Under the same in situ horizontal stress difference, the effects of the single natural fracture on artificial fracture propagation morphology are different with different approaching angles. As the stress difference is 0 MPa and the approaching angles are 30° and 45°, the artificial fracture propagates along the right side of the natural fracture, while the left wing of the natural fracture is only partly opened (shown in Figures 5(a) and 5(d)). When the approaching angle increases to 60° and 75°, the left wing and right wing of the natural fracture are opened by fracturing fluid and the artificial fracture extends along the natural fractures on both wings (showed in Figures 5(g) and 5(j)). When the in situ horizontal stress difference is between 5 MPa and 10 MPa and the approaching angles are 30°, 45°, and 60°, the artificial fracture extends along the right wing of the natural fracture if the artificial fracture is arrested by the natural fracture (shown in Figures 5(b), 5(c), 5(e), and 5(h)), while artificial fracture extends along the two wings of the natural fracture with the approaching angle increasing to 75° (shown in Figure 5(k)).

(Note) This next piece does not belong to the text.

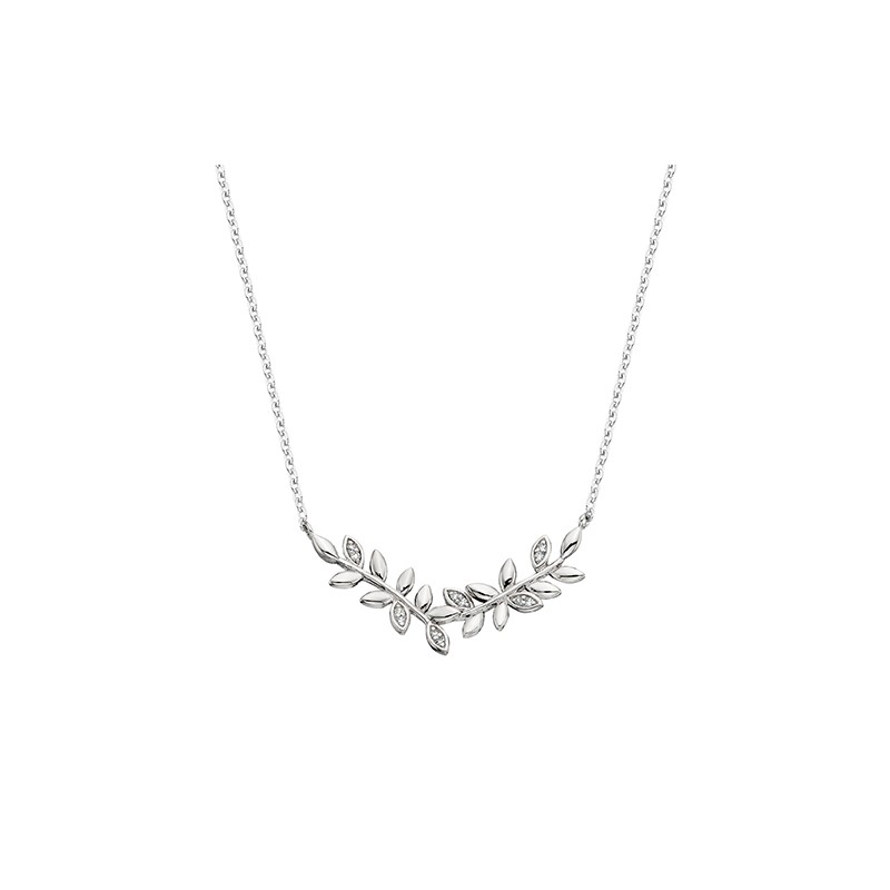 Inspired by nature, leaves of highly polished sterling silver and .04tw diamonds form an on-trend vine necklace. Matching earrings available.

Figure 6 shows that the in situ horizontal stress in the direction perpendicular to the natural fracture causes the natural fracture to be in the compressive stress state. The condition for opening the natural fracture is that the injected liquid pressure is larger than the sum of fracture cohesion and the normal stress. When the artificial fracture and natural fracture intersect at different approaching angles, the branch of the natural fracture in the OB direction is easier to be opened, while the branch of the natural fracture in the OA direction is relatively difficult to be opened. This is mainly affected by the additional resistance effect of the small angle. The fracturing fluid has the smallest flow resistance along the large angle (∠COB) of the OB direction. However, the flow direction of fracturing fluid along the small angle (∠COA) is opposite to the initial flow direction, which will produce additional resistance. Additional pressure is required for fracture initiation and propagation along the branch in the OA direction.

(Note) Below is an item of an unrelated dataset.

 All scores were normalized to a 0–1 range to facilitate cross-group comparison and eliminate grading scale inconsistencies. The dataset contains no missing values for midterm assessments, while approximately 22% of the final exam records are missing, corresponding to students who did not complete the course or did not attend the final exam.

##### 3.2. The Second Model: Two Intersected Natural Fractures

The influence of two intersected natural fractures on artificial fracture propagation with approaching angles of 30°, 45°, 60°, and 75° is studied, when the in situ horizontal stress differences are 0 MPa, 5 MPa, and 10 MPa. The results are shown in Figures 7–10.

When the approaching angle is 30°, the effect of the two intersected natural fractures on the propagation of an artificial fracture with different horizontal stresses is shown in Figure 7. Phase 1 is the fracture propagation pattern when the artificial fracture intersects with the first natural fracture. The artificial fracture extends along the natural fracture when the in situ horizontal stress differences are 0 MPa, 5 MPa, and 10 MPa separately, and affected by the additional resistance effect of the small angle, the artificial fracture only extends along the right wing of the first natural fracture (shown in Figures 7(a), 7(d), and 7(g)). Phase 2 is the fracture propagation pattern when the artificial fracture intersects with the second natural fracture. The artificial fracture propagates along the large angle between the fracture propagation direction and the branch of the second natural fracture (shown in Figures 7(b), 7(e), and 7(h)). Phase 3 is the final fracture propagation pattern with in situ stress differences of 0 MPa, 5 MPa, and 10 MPa. The artificial fracture extends along the large angle direction when it intersects with the first natural fracture and the second natural fracture (shown in Figures 7(c), 7(f), and 7(i)).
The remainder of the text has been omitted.